Hope is a well spring of energy that picks us up when we fall down. Hope is a Toddler getting up to walk again.
Many of us tonight occupy that uncomfortable and ill defined place between letting go of what has been and did not work, or did work and is completed, and finding something new and exciting with which to begin again, vaguely suspicious it isn’t out there. Our discomfort is nothing beside that of the multitude who will never again find a new and exciting anything. But it is our discomfort.
Pretty much like clockwork the new beginnings come.
But maybe not this year. The West at least, if not the entire globe, rolls into this year’s holiday season in a somber mood. The mood music is more 1812 Overture in fear of a Night on Bald Mountain than Silent Night. We seem at times to be holding onto a rope, wanting to cling to it just long enough to make it through New Year. We expect that the other side of New Year we must let go, and that when we do there will be no safety net beneath us.
Anyone who said this was not a scary time would be giving false comfort. It is a scary time.
Anyone who said this is all going to work out, it will all be fine, would be giving false comfort. We don’t know how it will work out.

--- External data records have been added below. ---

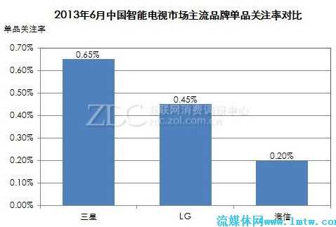 2013年6月,中国智能电视市场上,在单品关注率方面,三星再次与LG拉开差距,本月达到0.65%,而LG下滑至0.45%,此外,作为前三强品牌中唯一的本土品牌,海信的单品关注率相对较低,仅为0.20%,亟需提高。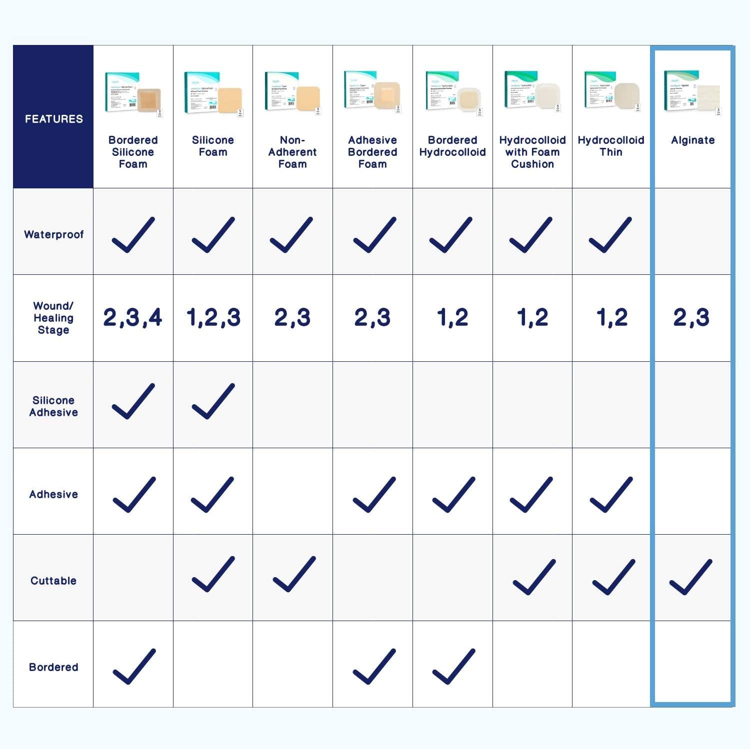 The MedVance® Alginate dressing is a highly effective solution for managing moderate to heavily exuding wounds. Made of calcium alginate derived from seaweed, it quickly absorbs and locks in wound exudate, promoting a clean and healthy healing process. The dressing comes in a flat pad format for easy application and a rope format for packing cavities. When in contact with exudate, it transforms into a gel that conforms to the wound, creating a moist environment for optimal healing. Equipped with non-woven reinforcing technology, it is easy to apply and remove without leaving residue. Versatile and reliable, the MedVance® Alginate dressing is a top-quality product for wound care.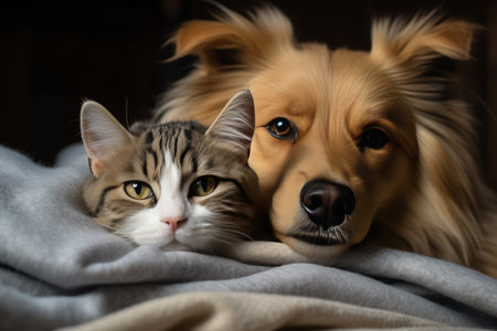 Adorable cat and dog lying under plaid on floor. Warm and cozy winter. High quality photo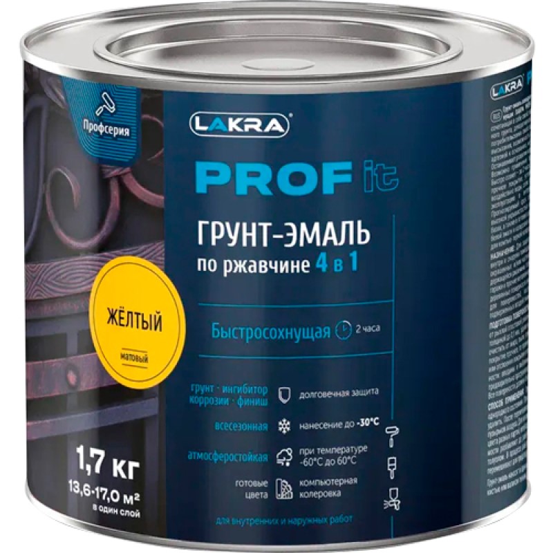 Атмосферостойкая гладкая грунт-эмаль «4 в 1», сочетающая в себе свойства преобразователя ржавчины, антикоррозионного грунта, декоративной эмали, а также обладающая передовыми потребительскими свойствами – нанесение до -30°С, быстрое время высыхания и возможность колеровки.
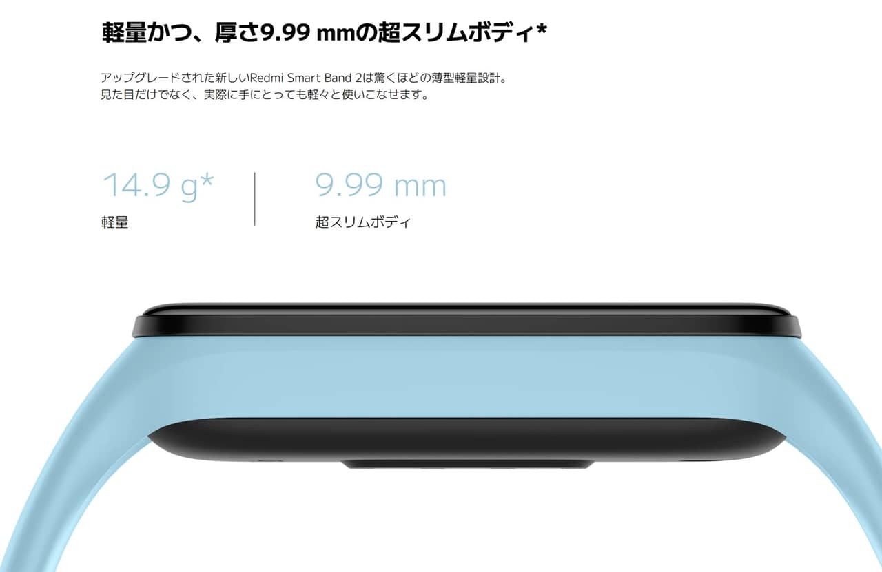 ▼Redmi Smart Band 2は本体重量14.9gで厚みは9.99mmと、多くのスマートバンドのなかでも軽量・薄型なのが魅力。↓

But that has nothing to do with hope, or why this season brings hope. This season brings hope because hope is the healthy response to the insurmountable challenge. And hope has proved itself. It has moved our species forward, time and again, against seemingly insurmountable challenges.
No one can guarantee the future success of you, yours, the nation, the world, life as we know it. But we can light a candle in a votive. That candle’s glow may cheer someone who has come anonymous and alone in a desperate moment. That cheer may become hope, and it is hope that moves us forward to beat the odds.
But what is objective physics of hope? Where’s the science to the religion? Empathy may be the divine wind, sympathy the still, small voice. But acting on these, and you acting accordingly, constitutes the true G*d particle in the physics of hope.